He brushed my hair and then let
me down easy, and I think that’s when I knew that I was just like all the other
girls. I was just another
misunderstanding.
We were perfect strangers with an
incomplete love, yet I still marvel at how we fit together like sprockets and
gears.
But someone else was cranking
that wheel that made it all burn, someone else was watching and waiting and
wondering how it would all work out in the end.
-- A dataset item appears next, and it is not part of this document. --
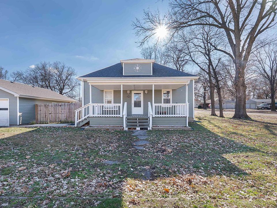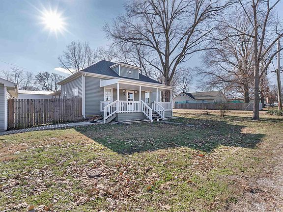 Welcome home to this charming 3-bedroom ranch nestled in a peaceful small town, just a short drive to all the restaurants and shopping in Sedalia. This well-kept property features both a covered front porch and a covered side deck overlooking your private yard, offering great spaces to relax and unwind. Inside, you'll find a spacious kitchen, a dedicated dining room, and a walk-in closet for added convenience. The home sits on a corner lot in a quiet neighborhood with small-town comfort. Outside, enjoy an extra-deep 2-car detached garage, perfect for parking and storage, along with an additional storage shed for tools and equipment. The location is ideal—within walking distance to the school and park and close to the Katy Trail for biking and outdoor recreation. Many updates include roof, gutters and siding in '21, heat pump '24, and privacy fence '21. This inviting home offers comfort, convenience, and charm—don’t miss your chance to make it yours!

And I’m here to say that it didn’t, because I still see teeth marks on
the glass cups in the dining room. I
still hear the ground move.
And every day I spray the windows
and I scrub the already clean dishes, and think about when he used to take my
hands and study the bends and lines in them like he was about to take a
test.
I needed you more than you
allowed. Were you even upset at
all? Do you ever think about the tap
dancing lessons or the bottom of the sink after you spilled the champagne? Do you ever listen to that song we both hate,
and think about how it’s not as bad when you’re alone?
I do.
And I think that if you gave me
the chance, I’d let you take me to Denver.
I’d let you ask me about the scar on my leg, and this time I’d tell you
the truth.
"and think about when he used to take my hands and study the bends and lines in them like he was about to take a test." My favorite line. Wow, you're a wizard with words. You sure know how to keep a captive audience. I can't wait to see what you do with movies.